▸ GOAL OF THE EXERCISE
Give back the lines below exactly, but do not include any pictures.

▸ MATERIAL FOR THE TASK
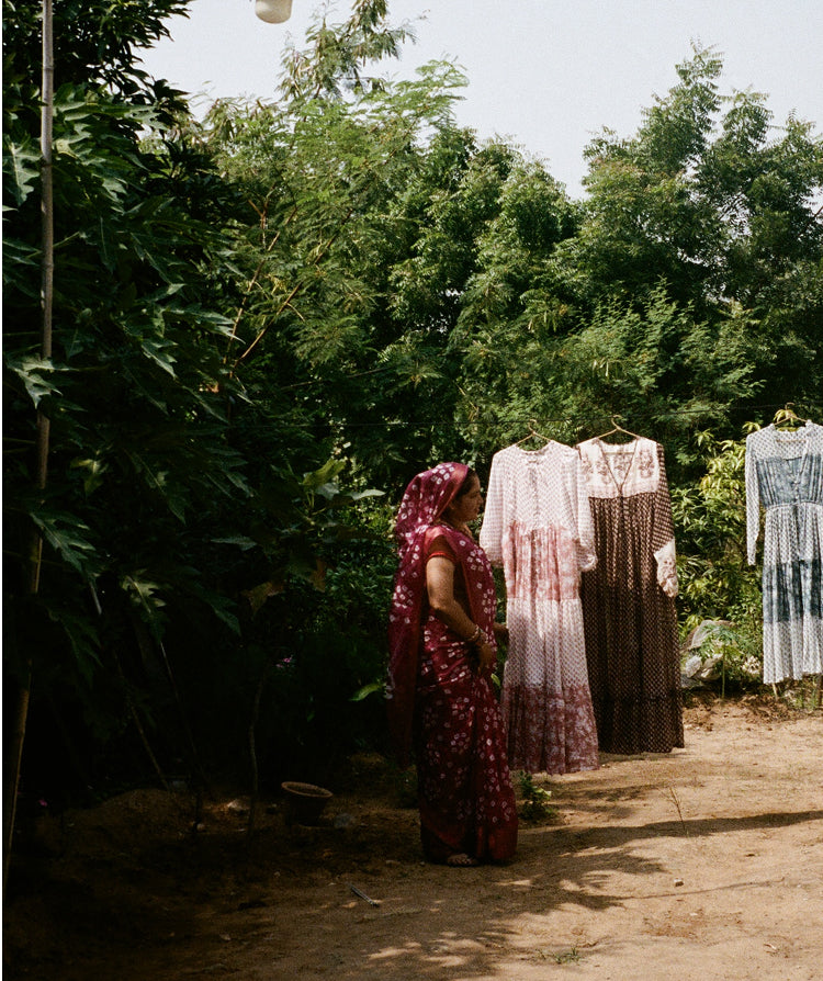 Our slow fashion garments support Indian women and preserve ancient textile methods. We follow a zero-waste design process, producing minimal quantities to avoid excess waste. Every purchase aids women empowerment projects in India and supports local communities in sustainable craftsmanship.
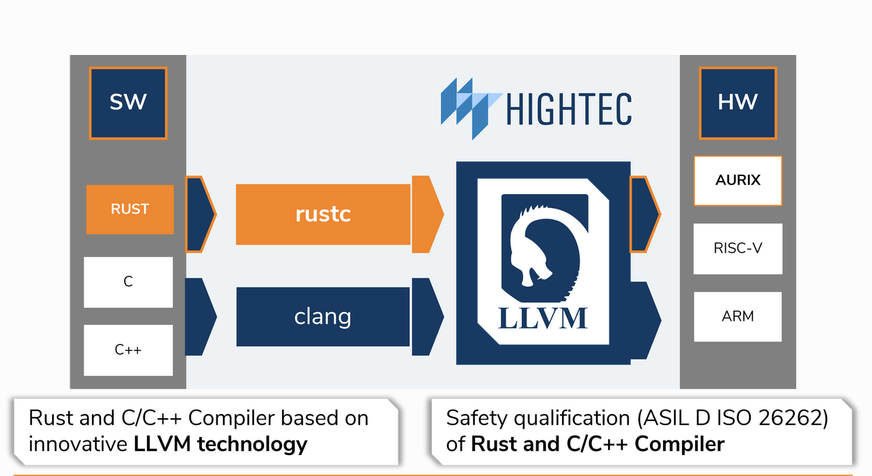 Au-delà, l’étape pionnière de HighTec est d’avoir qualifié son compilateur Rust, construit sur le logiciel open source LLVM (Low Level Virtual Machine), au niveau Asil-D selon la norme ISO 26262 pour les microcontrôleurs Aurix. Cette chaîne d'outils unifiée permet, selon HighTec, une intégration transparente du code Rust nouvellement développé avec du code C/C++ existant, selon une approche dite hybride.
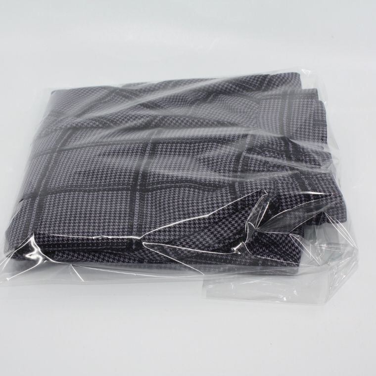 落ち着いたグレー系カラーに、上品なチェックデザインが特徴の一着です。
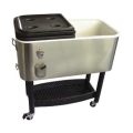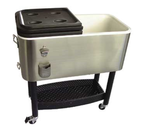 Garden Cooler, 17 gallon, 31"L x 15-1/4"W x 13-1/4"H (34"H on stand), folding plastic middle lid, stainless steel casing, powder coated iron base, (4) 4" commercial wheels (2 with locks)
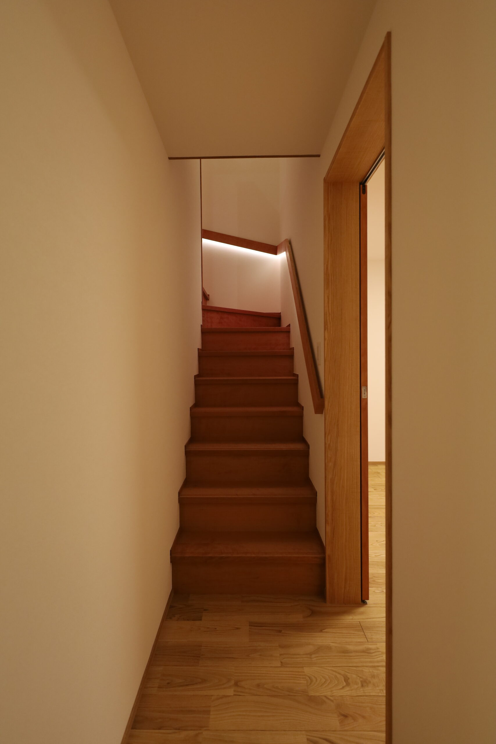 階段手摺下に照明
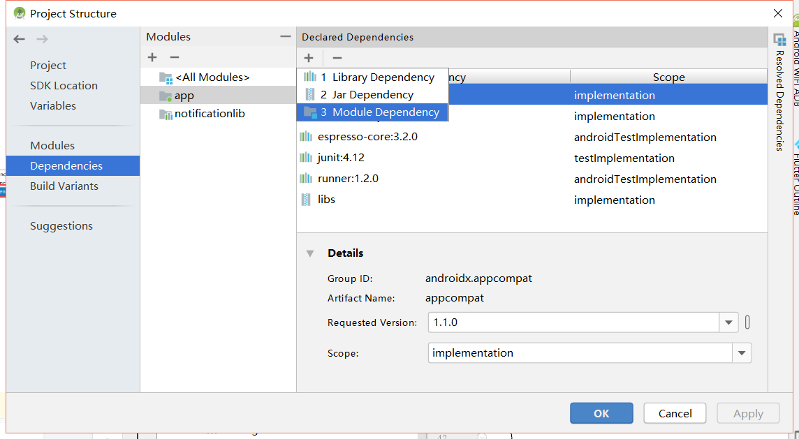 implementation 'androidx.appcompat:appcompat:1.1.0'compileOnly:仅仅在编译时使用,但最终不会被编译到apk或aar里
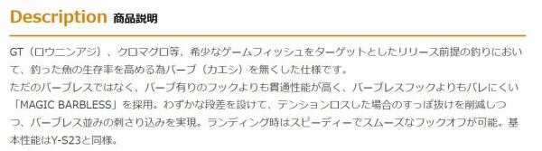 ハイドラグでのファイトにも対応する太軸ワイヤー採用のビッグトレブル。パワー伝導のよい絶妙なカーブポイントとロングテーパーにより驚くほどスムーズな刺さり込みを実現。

▸ TASK RESULT
 Our slow fashion garments support Indian women and preserve ancient textile methods. We follow a zero-waste design process, producing minimal quantities to avoid excess waste. Every purchase aids women empowerment projects in India and supports local communities in sustainable craftsmanship.
 Au-delà, l’étape pionnière de HighTec est d’avoir qualifié son compilateur Rust, construit sur le logiciel open source LLVM (Low Level Virtual Machine), au niveau Asil-D selon la norme ISO 26262 pour les microcontrôleurs Aurix. Cette chaîne d'outils unifiée permet, selon HighTec, une intégration transparente du code Rust nouvellement développé avec du code C/C++ existant, selon une approche dite hybride.
 落ち着いたグレー系カラーに、上品なチェックデザインが特徴の一着です。
 Garden Cooler, 17 gallon, 31"L x 15-1/4"W x 13-1/4"H (34"H on stand), folding plastic middle lid, stainless steel casing, powder coated iron base, (4) 4" commercial wheels (2 with locks)
 階段手摺下に照明
 implementation 'androidx.appcompat:appcompat:1.1.0'compileOnly:仅仅在编译时使用,但最终不会被编译到apk或aar里
 ハイドラグでのファイトにも対応する太軸ワイヤー採用のビッグトレブル。パワー伝導のよい絶妙なカーブポイントとロングテーパーにより驚くほどスムーズな刺さり込みを実現。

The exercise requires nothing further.